Czego widz może spodziewać się po filmie "Czy czeka nas koniec?".
Chcieliśmy zrobić dokument o środowisku, który byłby w stanie zainteresować przede wszystkim młodego widza. To od najmłodszych pokoleń zależy, w jakim kierunku będzie rozwijać się ludzkość i jak oni po nas będą dbali o naszą planetę, także chcieliśmy by nasz film, przemawiał do młodych ludzi na tyle, by chcieli go obejrzeć, i jeśli tematyka zmian kilmatu nie interesowała ich zbytnio do tej pory, to może ów film zainspiruje ich do działania i zmiany myślenia.

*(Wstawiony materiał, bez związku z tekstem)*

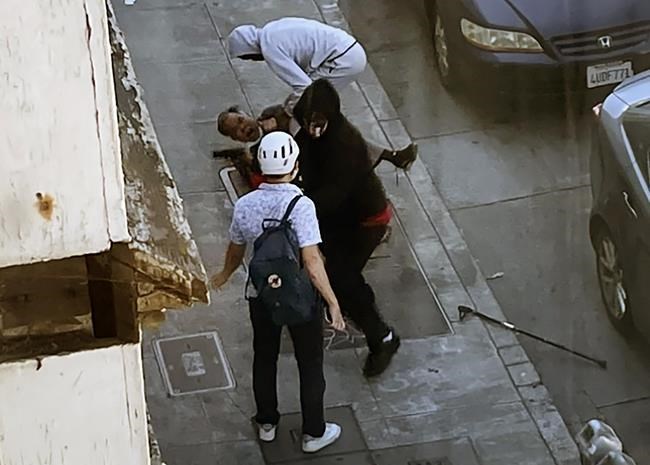 Surveillance video tweeted by a KPIX-TV reporter shows the victim on the ground, his walking cane nearby, and a robber trying to take his watch. The armed man is seen striking a bystander wearing a bike helmet on the head with his gun as the man tried to intervene, causing him to fall.
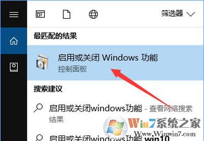 1、在任務(wù)欄搜索框中輸入“啟用或關(guān)閉Windows功能”,打開找到的項目,如圖所示:
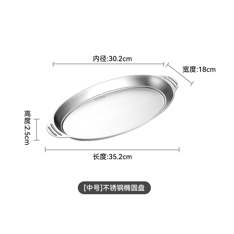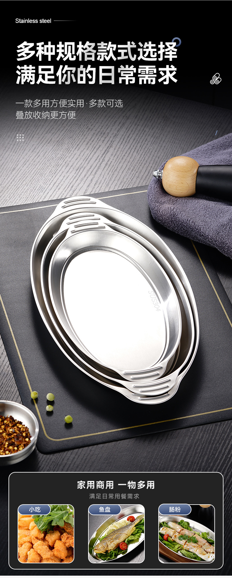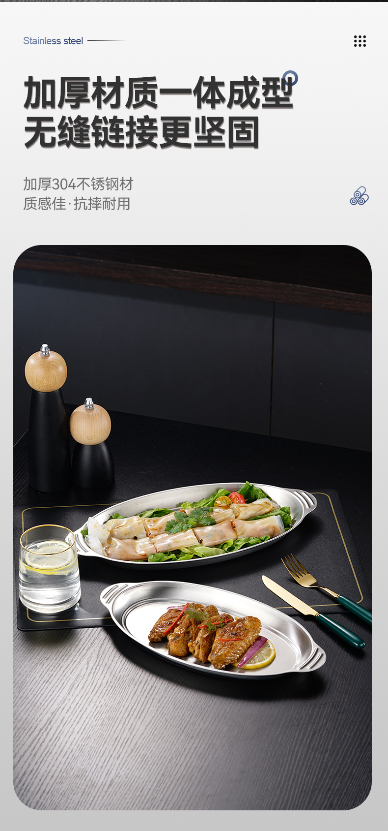 304 스테인레스 스틸 생선 접시 타원형 야채 접시 가정용 양이 생선 찜 접시 특수 두꺼운 계란 모양 접시 플랫 바닥 트레이
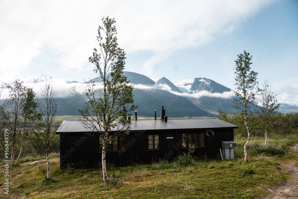 Akkastugorna, Swedish Lapland, Sweden - Cabin for Hikers on Padjelantaleden in National Park Stora Sjöfallet. Blue sky and Mount Akka in mystical clouds. birch tree forest in front.
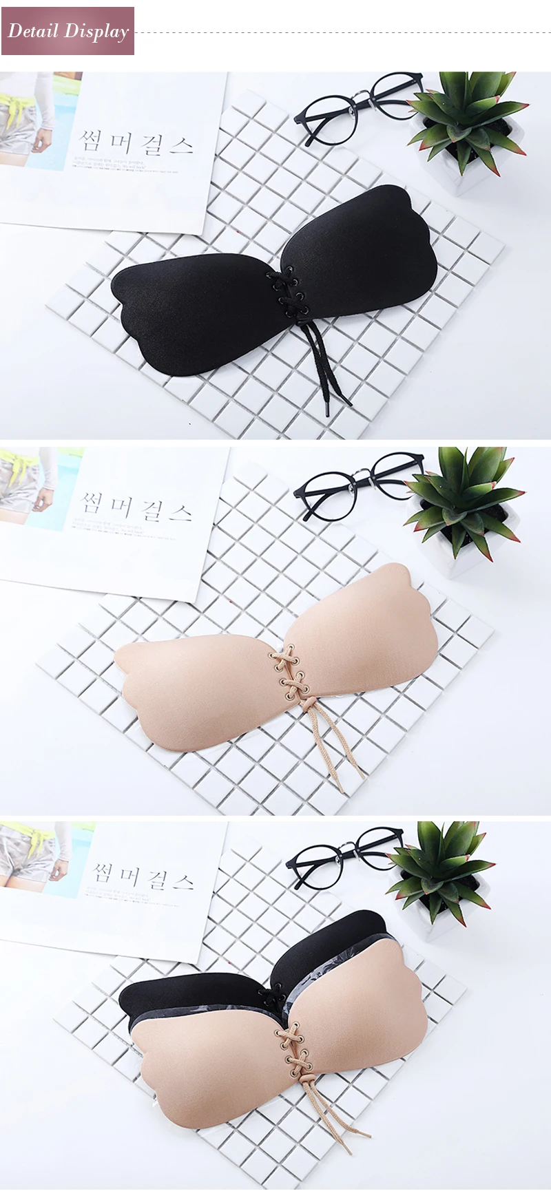 - Strong yet gentle silicone sticky bra adhesive
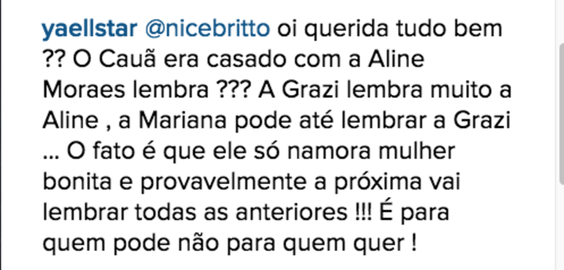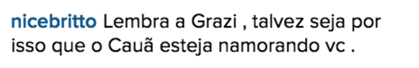 Mas os internautas não esquecem que há pouco tempo, Cauã era casadíssimo com Grazi Massafera. E nos comentários da rede social da gata, já surgiram comparações com a ex-mulher do galã. Uma seguidora chegou a afirmar que ela lembra Grazi, e que por isso o Cauã deve namorar com ela.
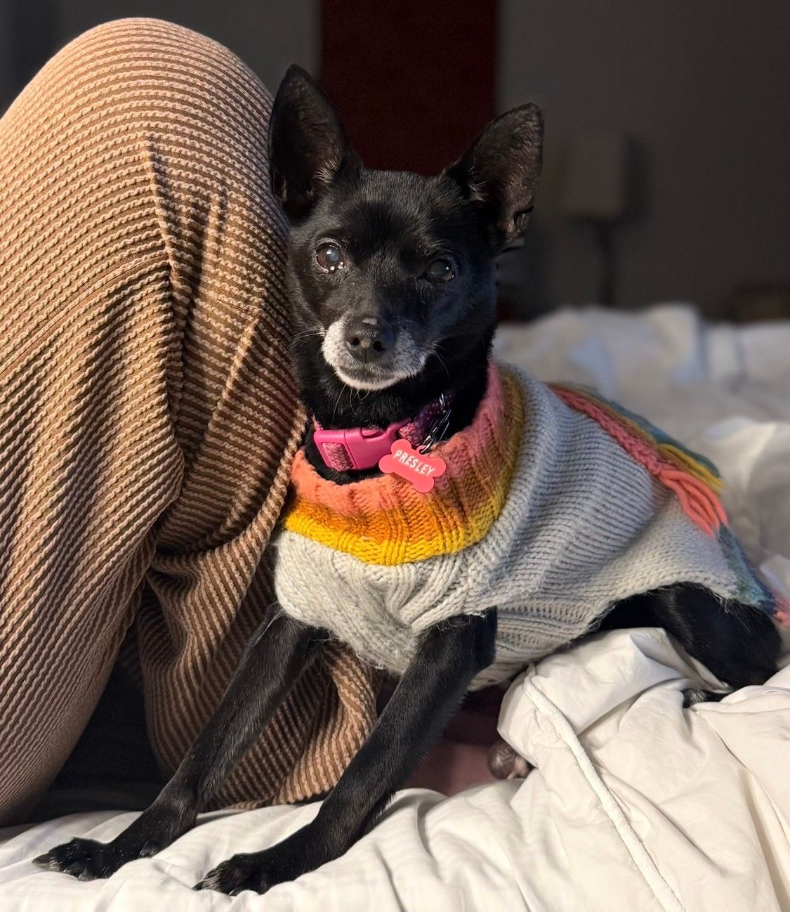 After retiring from the U.S. Marine Corp, Vietnam veteran James worked swing shifts for over 25 years and found he had difficulty sleeping. Since Pogo became his sidekick, however, James sleeps more soundly these days. Pogo signals when it’s bedtime and they hit the sack together every night. With the arrival of colder nights, James reports that Pogo even sneaks under the bedcovers. Pogo goes everywhere with James—and he’s a front-seat rider (no back seat for this pup). And Pogo’s looking forward to a summer road trip to Oklahoma to visit James’s grandchildren. When not on 5-mile walks down by the river or other outdoor adventures, James and Pogo hang out inside or on the back patio. That’s where Pogo can keep an eye out for his neighborhood friends at the dog park—or for the squirrels, birds, deer. All our gratitude to James for his military service—and for giving Pogo his forever home.
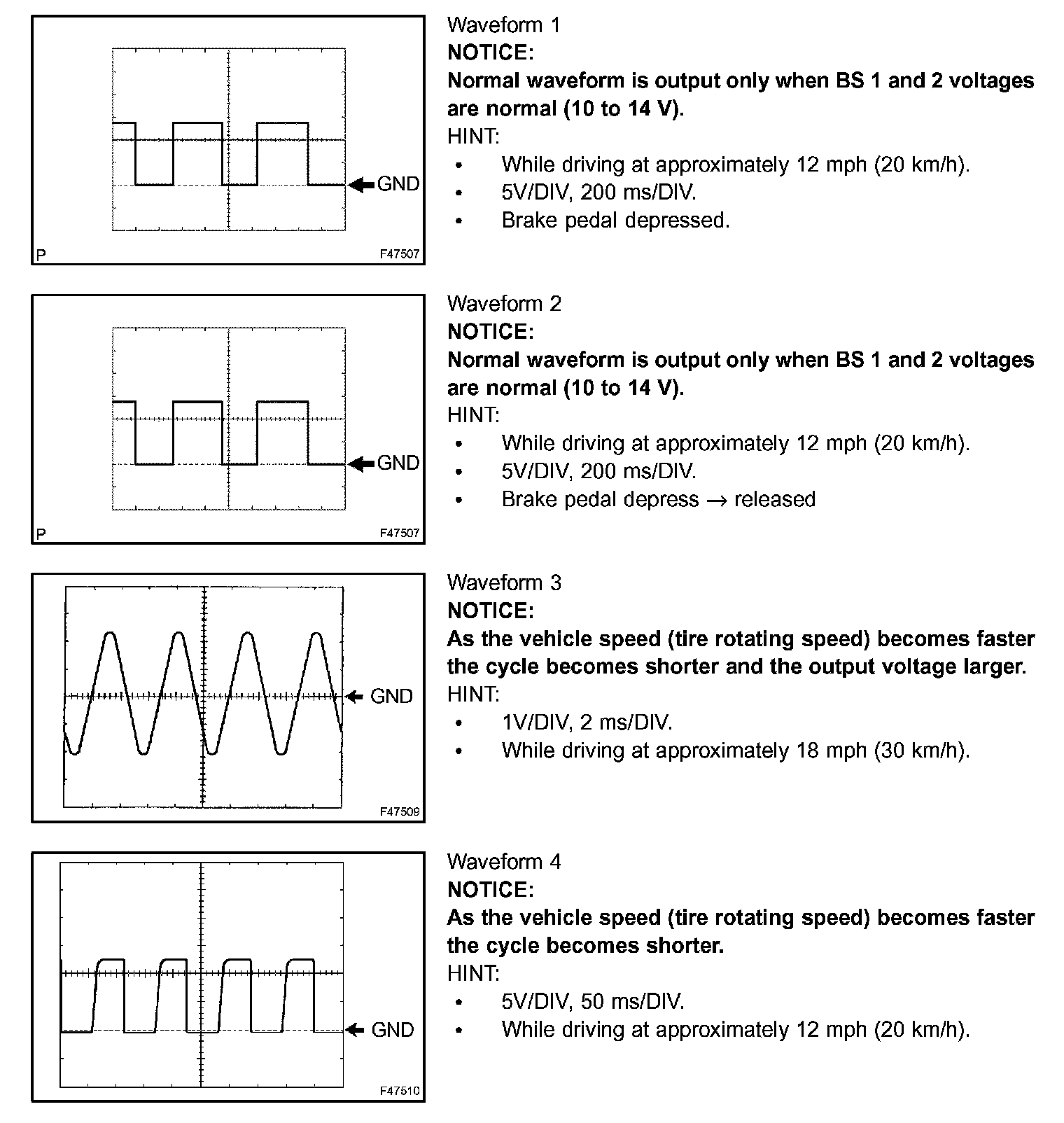 c. Using an oscilloscope, check that the pulse generates between each terminal or between each terminal and the body ground.

Udało nam się poruszyć całkiem sporo tematów. Nie tylko wielką powódź i topnienie lodowców, ale też rosnące temperatury oceanów czy wycinanie lasów. Leo jest moim zdaniem kapitalnym przewodnikiem po tych wszystkich zagadnieniach związanych ze zmianami klimatycznymi.
Nie obawiałeś się, że sława Leonardo DiCaprio przyćmi tematykę filmu?
Nie. Wręcz przeciwnie. Mam nadzieję, że sława Leo zwróci większą uwagę na problem zmian klimatycznych, a zrobi to, bo to nie jest film o Leo. To film o człowieku, który odkrywa problem i dowiaduje się o nim coraz więcej. I nawet jeśli ten człowiek jest trochę bardziej znany i rozpoznawalny niż my, to też żyje na tej planecie i skutki zmian klimatycznych mogą dotnąć go w takim samym aspektcie jak każdego z nas. A dzięki jego prezencji i obyciu z kamerą, zwyczajnie w świecie dobrze się go ogląda i przez tą naturalność, łatwo utożsamić się z nim, w momencie gdy razem z nim zaczynamy dowiadywać się zatrważających faktów o sytuacji, w jakiej znalazła się nasza planeta.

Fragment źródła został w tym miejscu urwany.